Cleanup answered 12/1, 2010 at 3:39 Comment(4)

If you want random access, you're likely going to have to chunk the input one way or another. What better way of chunking is there than by-article? – Cyanohydrin 12/1, 2010 at 3:42

... which pretty much all compression libraries support, the article equating to a file entry. – Expecting 12/1, 2010 at 3:47

Also... I doubt there will be much of a difference between the compression ratio for articles individually vs. the compression ratio for the whole thing, as they should have basically the same ratio of letter occurrences. Have you benchmarked that claim? – Expecting 12/1, 2010 at 3:48

The problem with compressing articles individually is that you wind up with a whole batch of files, and that introduces inefficiencies itself. Having, say, a 1G file is going to be a lot more space-efficient and easy to use than having 80,000 files averaging about 10K each, even if it is greater compression. – Heuristic 5/2, 2010 at 18:0

xz-format files support an index, though by default the index is not useful. My compressor, pixz, creates files that do contain a useful index. You can use the functions in the liblzma library to find which block of xz data corresponds to which location in the uncompressed data.

Hazelwood answered 20/12, 2012 at 20:45 Comment(2)

Looks like a promising project. Thanks. – Cleanup 22/12, 2012 at 6:32

I use pixz every day. It's awesome. Thanks! – Humanist 19/6, 2021 at 2:45

for seekable compression build on gzip, there is dictzip from the dict server and sgzip from sleuth kit

note that you can't write to either of these and as seekable is reading any way

Feticide answered 5/8, 2010 at 16:51 Comment(0)

DotNetZip is a zip archive library for .NET.

Using DotNetZip, you can reference particular entries in the zip randomly, and can decompress them out of order, and can return a stream that decompresses as it extracts an entry.

With the benefit of those features, DotNetZip has been used within the implementation of a Virtual Path Provider for ASP.NET, that does exactly what you describe - it serves all the content for a particular website from a compressed ZIP file. You can also do websites with dynamic pages (ASP.NET) pages.
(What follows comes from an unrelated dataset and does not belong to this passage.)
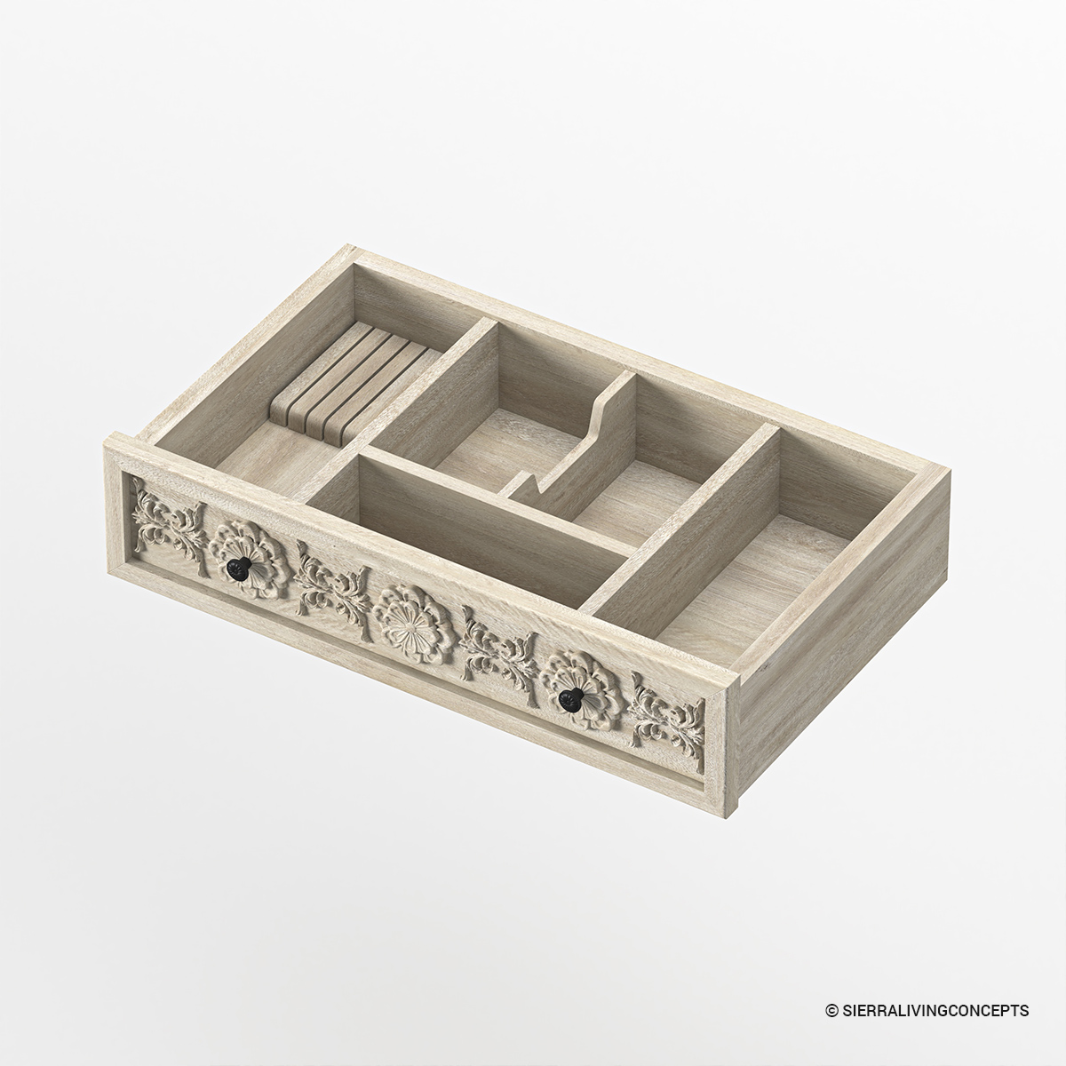 • Below the top, four streamlined supply drawers include sectioned organizers tailored for spoons, knives, and small accessories, ensuring everything stays neatly in place.

ASP.NET ZIP Virtual Path Provider, based on DotNetZip

The important code looks like this:

namespace Ionic.Zip.Web.VirtualPathProvider
{
    public class ZipFileVirtualPathProvider : System.Web.Hosting.VirtualPathProvider
    {
        ZipFile _zipFile;

        public ZipFileVirtualPathProvider (string zipFilename) : base () {
            _zipFile =  ZipFile.Read(zipFilename);
        }

        ~ZipFileVirtualPathProvider () { _zipFile.Dispose (); }

        public override bool FileExists (string virtualPath)
        {
            string zipPath = Util.ConvertVirtualPathToZipPath (virtualPath, true);
            ZipEntry zipEntry = _zipFile[zipPath];

            if (zipEntry == null)
                return false;

            return !zipEntry.IsDirectory;
        }

        public override bool DirectoryExists (string virtualDir)
        {
            string zipPath = Util.ConvertVirtualPathToZipPath (virtualDir, false);
            ZipEntry zipEntry = _zipFile[zipPath];

            if (zipEntry != null)
                return false;

            return zipEntry.IsDirectory;
        }

        public override VirtualFile GetFile (string virtualPath)
        {
            return new ZipVirtualFile (virtualPath, _zipFile);
        }

        public override VirtualDirectory GetDirectory (string virtualDir)
        {
            return new ZipVirtualDirectory (virtualDir, _zipFile);
        }

        public override string GetFileHash(string virtualPath, System.Collections.IEnumerable virtualPathDependencies)
        {
            return null;
        }

        public override System.Web.Caching.CacheDependency GetCacheDependency(String virtualPath, System.Collections.IEnumerable virtualPathDependencies, DateTime utcStart)
        {
            return null;
        }
    }
}

And VirtualFile is defined like this:

namespace Ionic.Zip.Web.VirtualPathProvider
{
    class ZipVirtualFile : VirtualFile
    {
        ZipFile _zipFile;

        public ZipVirtualFile (String virtualPath, ZipFile zipFile) : base(virtualPath) {
            _zipFile = zipFile;
        }

        public override System.IO.Stream Open () 
        {
            ZipEntry entry = _zipFile[Util.ConvertVirtualPathToZipPath(base.VirtualPath,true)];
            return entry.OpenReader();
        }
    }
}

Spur answered 5/2, 2010 at 17:50 Comment(0)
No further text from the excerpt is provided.